I'm watching Roadhouse tonight.


----------



## MaskedBeauty (Sep 14, 2009)

thats so sad.. :-(


----------



## euphrosyne_rose (Sep 14, 2009)

I was so saddened to hear about that. Dirty Dancing is, and will always be, one of my all time favorite movies and he did an awesome job. We'll miss him!


----------



## chocolategoddes (Sep 14, 2009)

*To Wong Foo Thanks for Everything, Julie Newmar* is my favorite movie of all time, and I admire him for taking on that role. I'm gonna watch it right now!
I don't even know what to say. 

RIP Patrick Swayze. :'(


----------



## gigglegirl (Sep 14, 2009)

wow..... 
	

	
	
		
		

		
			





 I should buy Dirty Dancing on dvd.


----------



## Shadowy Lady (Sep 14, 2009)

RIP Patrick


----------



## joey444 (Sep 14, 2009)

I'm so sad!!!  I had read this weekend that he had left the hospital and had gone home to pass away with his family.  How sad...=(  I hate cancer...


----------



## Rosalie1915 (Sep 14, 2009)

Quote:

   Originally Posted by *chocolategoddes* 

 
_*To Wong Foo Thanks for Everything, Julie Newmar* is my favorite movie of all time, and I admire him for taking on that role. I'm gonna watch it right now!
I don't even know what to say. 

RIP Patrick Swayze. :'(_

 
Oh my gosh!! i love that movie too!! but it is horrible that he passed away, he will be missed . R.i.p Patrick Swayze


----------



## MizzVivaGlam (Sep 14, 2009)

That's so sad.The only good thing is that he was home with his family.
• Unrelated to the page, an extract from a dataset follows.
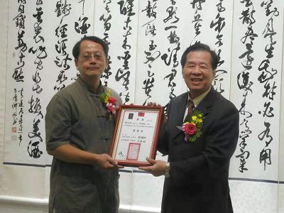 欣逢中華九九書畫會20周年之慶,本會高崇雲董事長正在國外考察,所以特別請副董事長陳光憲代表出席,向九九書畫會致賀,本會黃金文董事、程南洲董事、陳偉之董事、查重傳董事、李威侃董事等出席開幕暨頒獎。

Hopefully that helped him go peacefully and his loved one's got their chance to say everything they wished to say.


----------



## alka1 (Sep 14, 2009)

so sad.. 
	

	
	
		
		

		
		
	


	




 may he rest in peace 

watching the movie Ghost will definitely be a different experience now that he is gone.. the movie is already so sad as it is


----------



## staceb1990 (Sep 14, 2009)

Awww
	

	
	
		
		

		
		
	


	




 I'm going to have to go watch the Outsiders now.


----------



## KimmyAnn_678 (Sep 14, 2009)

I'll always remember being a little girl watching Dirty Dancing even though we weren't allowed to...  Patrick Swayze was just so hot we couldn't resist.  He just always seemed so classy and down to earth.


----------



## aladysiren (Sep 14, 2009)

I'm so saddened to hear this may he rest in peace at least he will not have to suffer with this deadly illness anymore.


----------



## Shimmer (Sep 14, 2009)

YouTube - Dirty Dancing Clip - Collectors Edition out now on DVD


----------



## couturesista (Sep 14, 2009)

He was a great actor. I had no clue that he and his wife had been married for 34 yrs. clearly he was a good man too! 

"Nobody puts Baby in a corner" ahh, one of the best movie lines ever!


----------



## couturesista (Sep 14, 2009)

Quote:

   Originally Posted by *couturesista* 

 
_He was a great actor. I had no clue that he and his wife had been married for 34 yrs. clearly he was a good man too! 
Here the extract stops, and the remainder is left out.